Figure 2 shows one version of how an organisation may combine their available spectroscopic systems, data processing tools and an SDMS to get close to what the chromatographers’ can boast is available out-of-the-box from several vendors in their space.

In a corporate environment one of the problems may well be incompatibilities between the laboratory PC infrastructure, due to the reliance on increasingly ageing spectrometer control systems and the demand to continually update to the latest operating systems. This is mainly driven by security reasons for all computers on the main corporate network. One workaround shown in Figure 2 is the introduction of segregation of the laboratory network from the corporate office network by a firewall. This adds another, although not insurmountable, level of complication to an integrated solution.

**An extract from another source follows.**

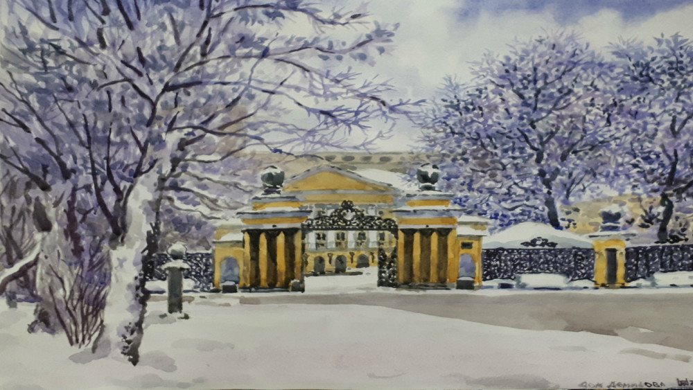 2. сиреневый пейзаж с Усадьбой Демидова. В Москве очень много красивых особняков- усадеб, усадьба Демидова около Третьяковской галереи необыкновенно красива. Сейчас это библиотека, а раньше был знаменитый литературный салон Сологуб. Кованые решетки, удивительные ворота в обрамлении снежных деревьев -необыкновенное по красоте зрелище.

Although many spectrometer control packages now come with varying levels of complexity in the in-built data processing, many analysts have their own personal preferences when it comes to advanced spectroscopic data processing, chemometric analysis or the use of particular reference database solutions. Maintenance update releases and security patches of these systems usually have no problems in remaining compliant with corporate IT policy so are usually found deployed on the normal corporate network.

If your organisation operates in a regulatory compliant space, there is probably little choice but to deploy an SDMS of some nature to meet the demands of the regulators around data integrity.

Conclusions

In conclusion it is possible for a spectroscopic environment to mimic the functionality available to our brother and sister chromatographers, but we are still required to deploy a highly fragmented—and therefore vulnerable solution if we are to get close to what they have at their fingertips. I suppose hope is on the horizon with the introduction of hyphenated instrument support to recent CDS releases… but do we really want to be told by chromatographers how we need to work?

References

  1. M. Fiege, S. Harkai, D. Weigel, M. Pütz, H. Meyer, H. Pritzke, S. Neuberger, C. Neusüß, E. Woltmann, C. Huhn, A. Bogomolov, B. Fählerh and K. Schürmann, “Automated detection of counterfeit drugs using multimodal spectroscopy and advanced web-based software platforms”, Spectrosc. Europe 27(4), 19–23 (2015). http://bit.ly/1O81Whv
Figure 2. Potential for a Spectroscopic Data System—still a bit of a mess!